In the entries below, find the line with "Eine pastellfarbene Illustration" and the line with "党课现场气氛热烈,毕业生党员"; reproduce those two lines and all lines between them exactly, without pictures.

▶ [Records supplied]
----------

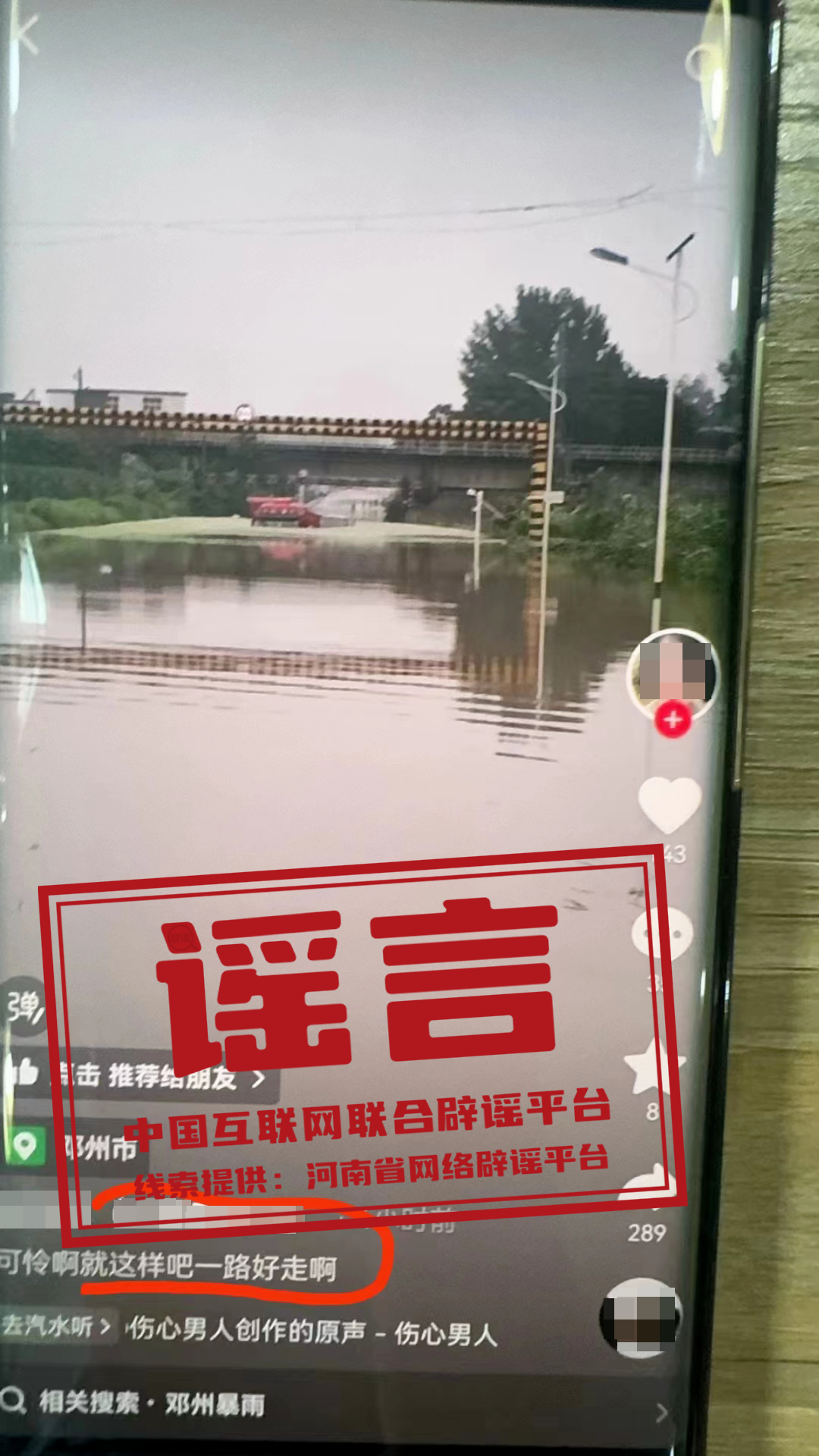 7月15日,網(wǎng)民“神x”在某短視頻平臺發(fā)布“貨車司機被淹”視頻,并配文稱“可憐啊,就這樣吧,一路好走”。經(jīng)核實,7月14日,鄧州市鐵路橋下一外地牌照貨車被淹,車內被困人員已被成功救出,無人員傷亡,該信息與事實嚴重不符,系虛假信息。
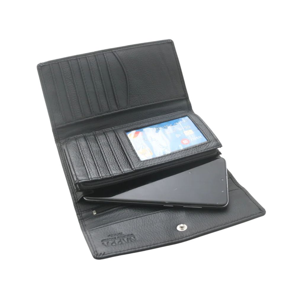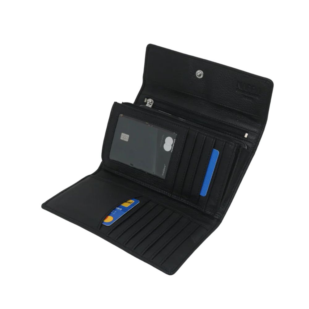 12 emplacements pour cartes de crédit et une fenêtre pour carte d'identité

----------

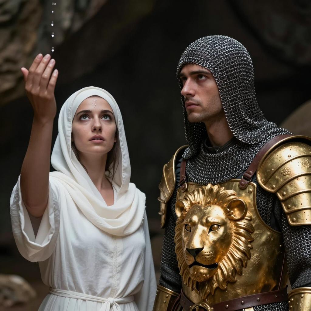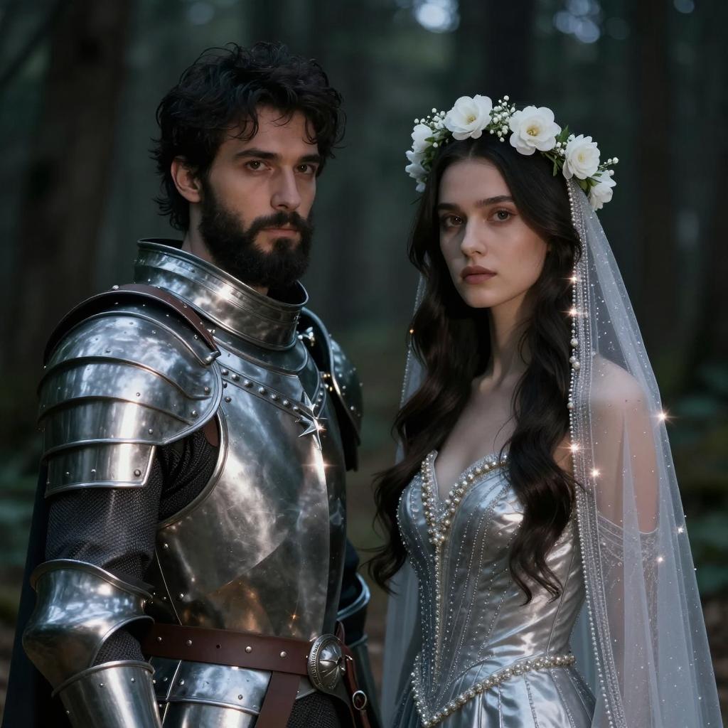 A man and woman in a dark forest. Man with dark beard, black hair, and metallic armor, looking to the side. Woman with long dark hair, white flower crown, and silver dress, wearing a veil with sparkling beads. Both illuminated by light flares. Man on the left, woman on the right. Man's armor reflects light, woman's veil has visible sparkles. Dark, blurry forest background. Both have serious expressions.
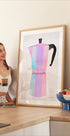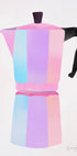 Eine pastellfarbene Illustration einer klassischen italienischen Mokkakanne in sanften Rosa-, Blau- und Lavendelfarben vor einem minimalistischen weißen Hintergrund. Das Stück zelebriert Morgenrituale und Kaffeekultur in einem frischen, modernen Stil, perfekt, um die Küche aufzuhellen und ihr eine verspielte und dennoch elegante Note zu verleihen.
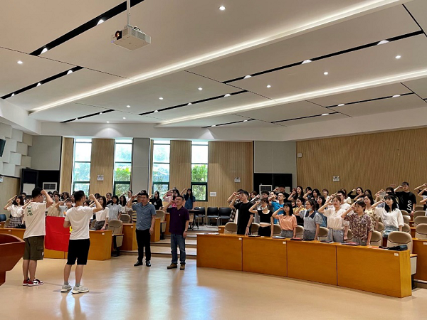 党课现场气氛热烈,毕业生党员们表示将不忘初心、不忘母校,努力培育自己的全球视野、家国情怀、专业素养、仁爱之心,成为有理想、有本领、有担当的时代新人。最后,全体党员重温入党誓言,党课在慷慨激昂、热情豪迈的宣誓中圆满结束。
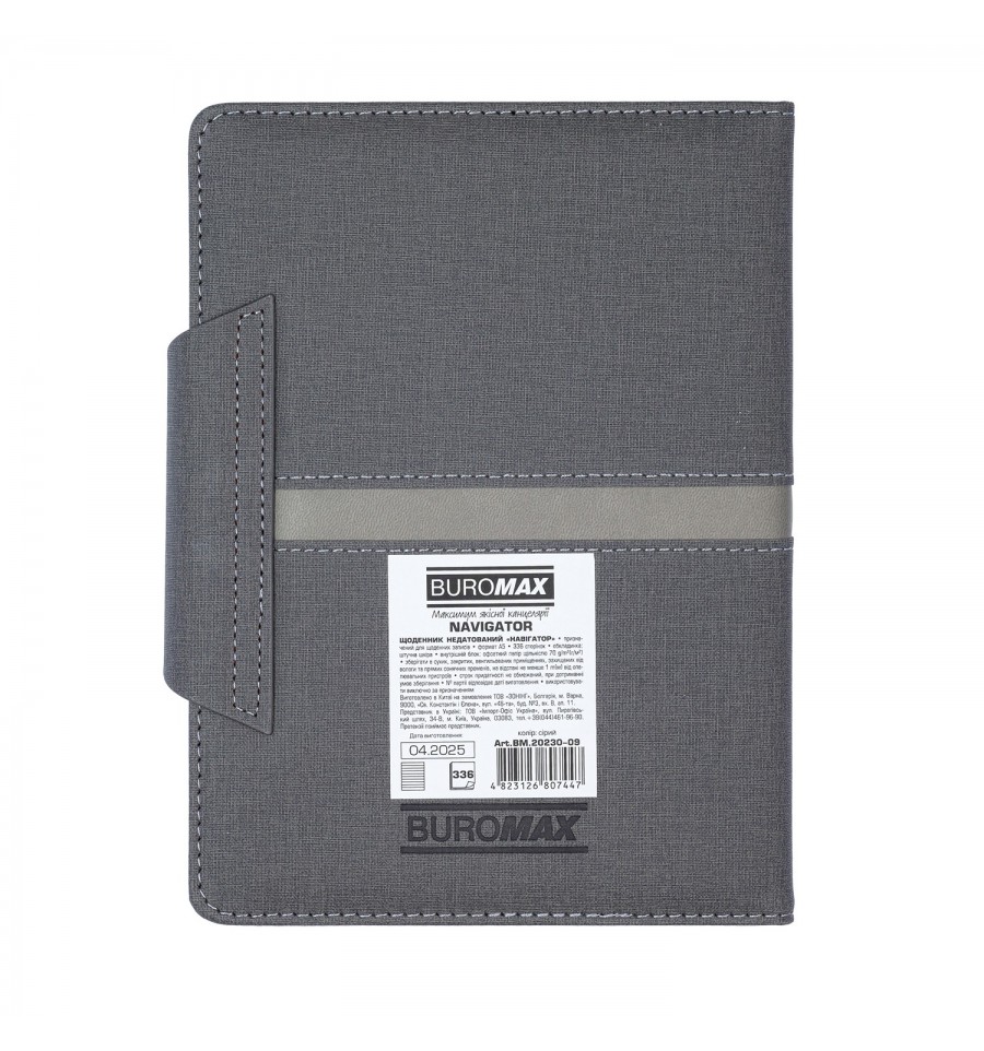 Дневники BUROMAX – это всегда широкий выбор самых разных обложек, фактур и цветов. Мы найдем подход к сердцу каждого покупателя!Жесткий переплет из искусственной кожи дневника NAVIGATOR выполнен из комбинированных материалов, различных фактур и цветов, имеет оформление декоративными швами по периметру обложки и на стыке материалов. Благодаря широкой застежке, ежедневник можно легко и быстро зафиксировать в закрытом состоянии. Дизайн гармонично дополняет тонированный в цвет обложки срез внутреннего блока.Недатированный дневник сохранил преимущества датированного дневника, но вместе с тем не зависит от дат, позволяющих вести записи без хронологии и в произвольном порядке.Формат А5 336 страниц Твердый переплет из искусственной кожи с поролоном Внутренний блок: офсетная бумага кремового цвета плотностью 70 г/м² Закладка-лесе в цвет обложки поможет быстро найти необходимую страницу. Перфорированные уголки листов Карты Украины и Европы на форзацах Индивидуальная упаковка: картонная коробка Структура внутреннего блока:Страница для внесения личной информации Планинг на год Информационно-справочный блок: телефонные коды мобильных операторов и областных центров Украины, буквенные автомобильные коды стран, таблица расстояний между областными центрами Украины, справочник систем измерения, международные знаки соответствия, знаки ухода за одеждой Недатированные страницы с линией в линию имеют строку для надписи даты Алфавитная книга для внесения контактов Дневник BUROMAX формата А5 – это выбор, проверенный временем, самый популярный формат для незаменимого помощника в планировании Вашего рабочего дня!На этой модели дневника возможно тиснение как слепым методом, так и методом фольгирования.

----------

▶ [Solution for this task]
 Eine pastellfarbene Illustration einer klassischen italienischen Mokkakanne in sanften Rosa-, Blau- und Lavendelfarben vor einem minimalistischen weißen Hintergrund. Das Stück zelebriert Morgenrituale und Kaffeekultur in einem frischen, modernen Stil, perfekt, um die Küche aufzuhellen und ihr eine verspielte und dennoch elegante Note zu verleihen.
 党课现场气氛热烈,毕业生党员们表示将不忘初心、不忘母校,努力培育自己的全球视野、家国情怀、专业素养、仁爱之心,成为有理想、有本领、有担当的时代新人。最后,全体党员重温入党誓言,党课在慷慨激昂、热情豪迈的宣誓中圆满结束。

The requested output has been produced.